Roll it to a rough circle and place it in the pan. Let it rise for about 1 1/2 hours until puffy. Meanwhile, preheat your oven to 400.

At that point, apply your egg wash...

...and a generous amount of sugar. This is necessary to create crunchy caramel top.

Bake until the bread has risen nicely and the top is a deep brown. Say, that's not a particularly appealing picture.

Oh yeah, that's what I'm talkin' bout.

Eat it warm. With wine or spirits it's especially good, and trust me, I needed that after the week I had.

UPDATE: Reader Evan D. adds:

I wanted to mention that Kouign Amman can be made from scrap croissant dough, and that this is how a lot of bakeries do it. An extra turn or two with superfine granulated sugar is all it takes. A little jam in the center really ties it all together.


08/25/10

Why is butter salted?

Filed under: Blog— by joe @ 09:31:10 pm Permalink

I love questions like that, reader Melissa, thank you. Butter is salted for purposes of preservation. Modern refrigeration obviates the need for salt these days, but more than a few people are simply accustomed to the taste.

When butter manufacturers salt butter, they add salt at a proportion of 1 - 2%. That doesn't sound like a lot, but it goes a long way, especially when you consider how little water there is in butter. Water is the critical element that microbes need to grow in a mass of butter. However by adding that small amount of salt, a brine of about 10-12% salt is created, and that's an inhospitable environment for bacteria, molds and fungi.


Summer & Winter Cheese?

Filed under: Blog— by joe @ 02:12:28 pm Permalink

Reader Alexandra writes:

Your post about the seasonal changes of dairy reminded me of a treat from my adoptive homeland, the Neterlands. There, we have something called graskaas (pron. hraahs-kaahs) i.e. grass cheese. It is from the time when cows first get to nibble the first shoots of grass after a long, long cold winter and also when they are suckling calves. This leads to a creamier cheese with a special flavor I've heard described many ways including grassy and nutty but for me it tastes the way the first few days of spring feel. That is to say still chilled and damp but GLORIOUS. One of the biggest cheesemakers in Holland, Beemster, makes this cheese but it is best from your local farmer (in a country that small, any farmer is local) is ever better because the farmers let their cows calve.

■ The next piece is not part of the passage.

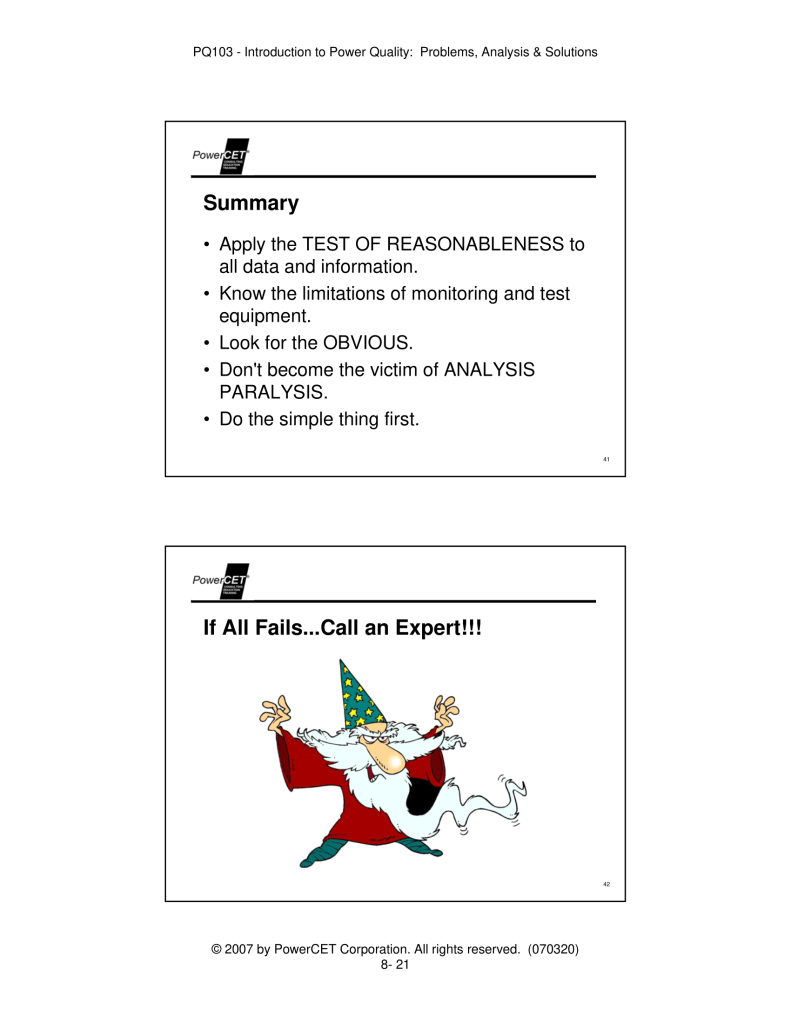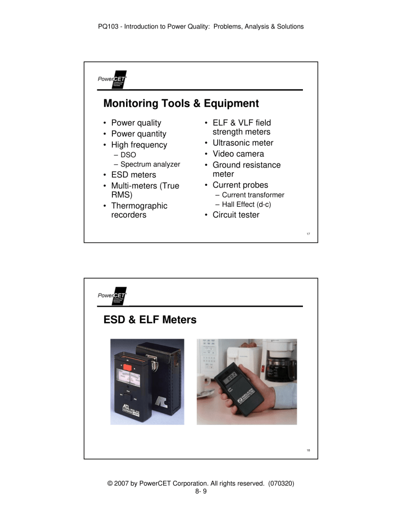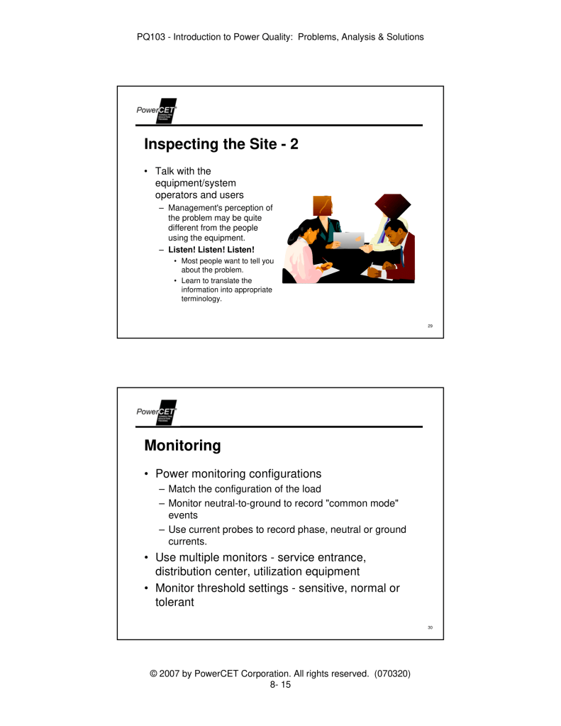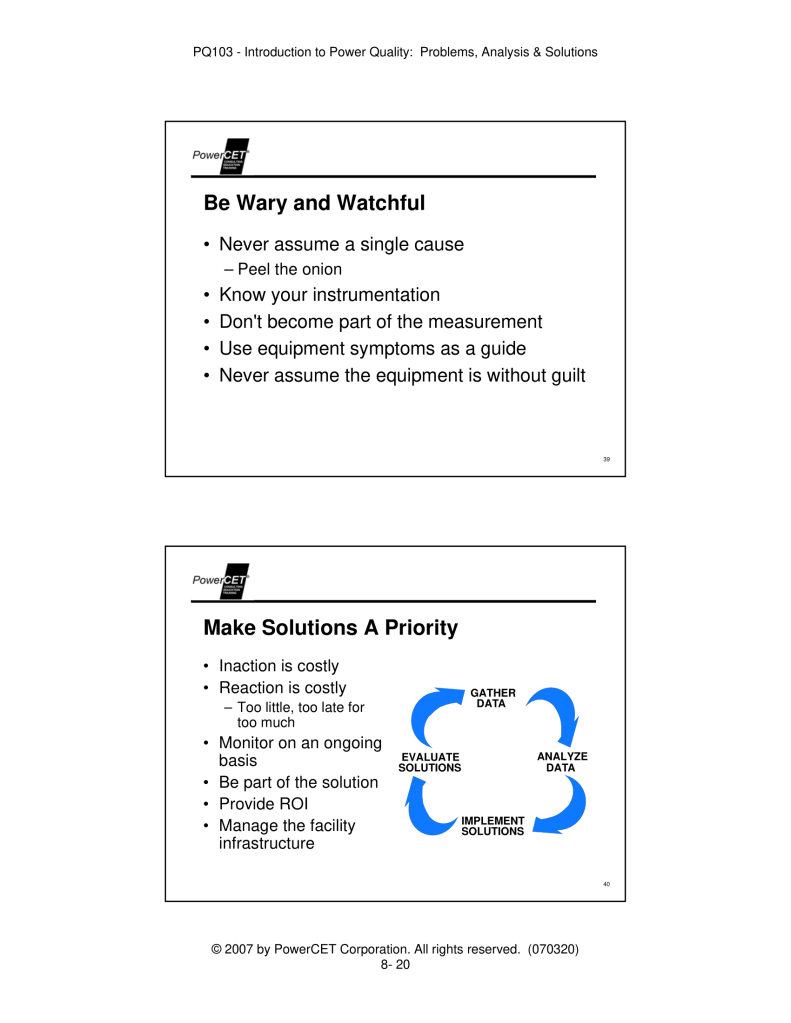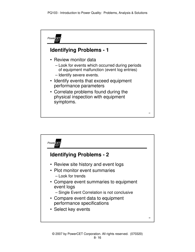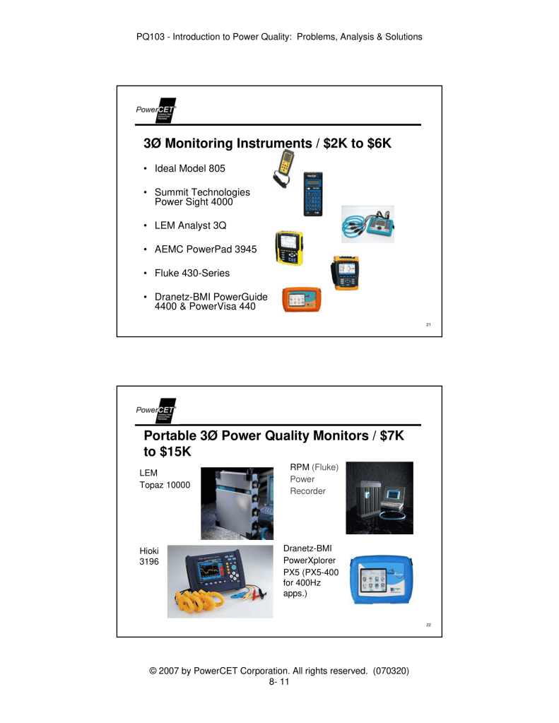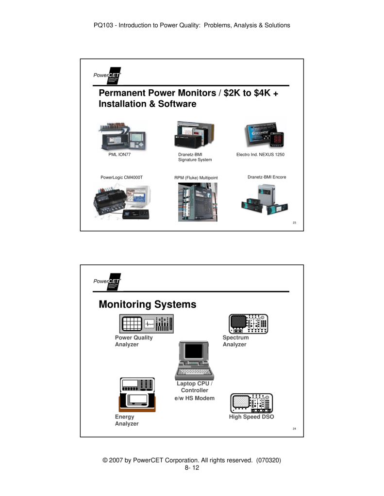 Published by PowerCET® Corporation, Course: PQ103, 2007. Introduction to Power Quality: Problems, Analysis & Solutions – Planning & Performing a Power Quality Survey.
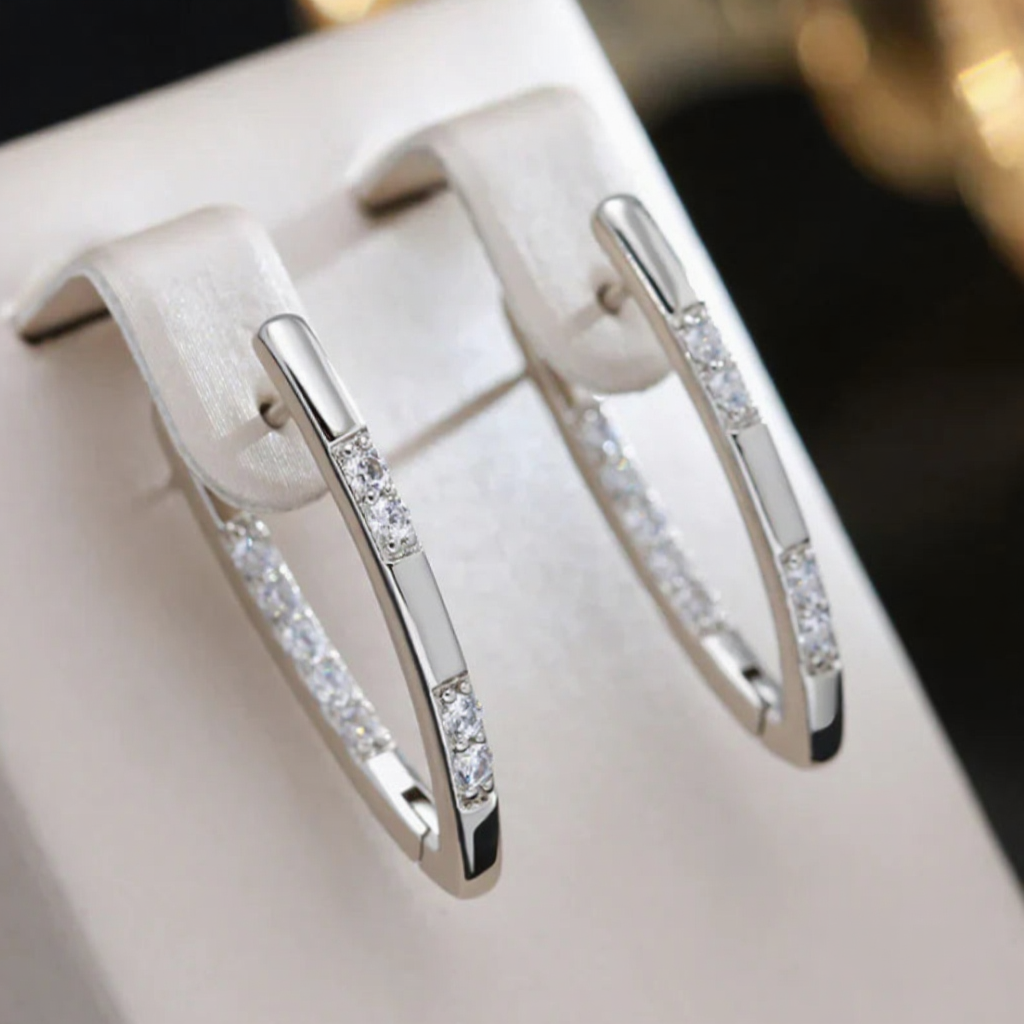 Schlicht im Aufbau, stark im Ausdruck: Diese Creolen vereinen klare Linien mit funkelnden Akzenten für einen modernen Luxusmoment.

As fall starts falling on us, it's nice to think about grass cheese.

I had no idea, but it makes all the sense in the world. Thanks for the email, Alexandra!


Does French flour have anything to do with it?

Filed under: Blog— by joe @ 09:16:35 am Permalink

My feeling on that is yes. Though I'm not expert on Continental flours, it's my impression that the gluten in French flour behaves differently than that in American flours. It seems not to be as stretchy as our own, but firmer. That difference may also help retain the integrity of the layers in kouign amann when lots of sugar is added to the dough.